The Jacobi solver was very limited as just the dimensions of one block were supported. We want now to move to a more general solution (which will be completed in the next session).

Firstly, we do no longer want to initialize the matrix $$A$$ on the host.

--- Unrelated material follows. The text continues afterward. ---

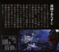 The Spear of Longinus, orbiting around the Earth, had brought the worst consequence to humanity. The Longinus Sphere, generated by the Spear of Longinus, had begun to cause the Earth itself to compress and collapse. The collapse of the tectonic plates caused huge earthquakes to strike the land and many human lives to be lost. Aiming to defeat the pitch-black Eva.Armaros on the Moon surface, which, had thrown in the Spear of Longinus, Nerv Japan sent out Asuka with EVA02 Allegorica. Greeting Asuka on the unsightly rugged terrain on the Moon surface was her sworn enemy Angel Carrier. After a furious battle, Asuka, victorious, recovered her balance and started the search for Armaros. | |

Hence, we no longer need to copy the matrix from host to device as the device can perform the initialization much faster than the host.

## Exercise

Take the skeleton below and develop a kernel function that is responsible for the initialization of $$A$$. Do this for a grid of $$2 \times 2$$ blocks (see GRID_DIM in the skeleton).

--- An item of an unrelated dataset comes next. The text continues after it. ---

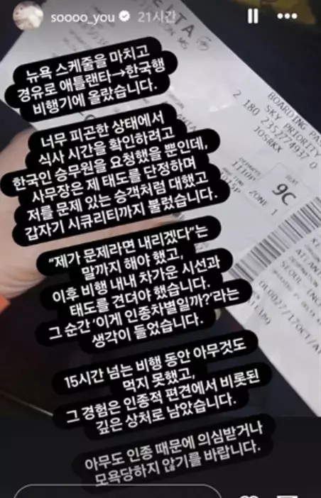 韶宥10月19日在個人Instagram發文,表示在美國返韓的長途班機上,疑似因種族歧視遭到不公對待。韶宥IG圖片

Then generate the graphics which shall look as following:

## Skeleton

#include <cmath>
#include <cstddef>
#include <memory>
#include <gdk-pixbuf/gdk-pixbuf.h>
#include <printf.hpp>
#include <hpc/aux/hsvcolor.hpp>
#include <hpc/aux/rgbcolor.hpp>
#include <hpc/cuda/check.hpp>
#include <hpc/cuda/copy.hpp>
#include <hpc/cuda/gematrix.hpp>
#include <hpc/cuda/properties.hpp>
#include <hpc/matvec/gematrix.hpp>
#include <hpc/matvec/matrix2pixbuf.hpp>

using T = double;

using namespace hpc;

template<
template<typename> class Matrix,
typename T,
Require< DeviceGe<Matrix<T>>, DeviceView<Matrix<T>> > = true
>
__global__ void init_matrix(Matrix<T> A) {
/* ... TBD ... */
}

template<typename T>
constexpr T int_sqrt(T n) {
T result = 1;
while (result * result <= n) {
++result;
}
return result - 1;
}

int main() {
using namespace hpc::matvec;
using namespace hpc::cuda;
using namespace hpc::aux;

const std::size_t GRID_DIM = 2;
const std::size_t N = BLOCK_DIM * GRID_DIM;

GeMatrix<T> A(N, N, Order::ColMajor);

/* ... TBD ... */

auto pixbuf = create_pixbuf(A, [](T val) -> HSVColor<double> {
return HSVColor<T>((1-val) * 240, 1, 1);
}, 8);
gdk_pixbuf_save(pixbuf, "jacobi.jpg", "jpeg", nullptr,
"quality", "100", nullptr);
}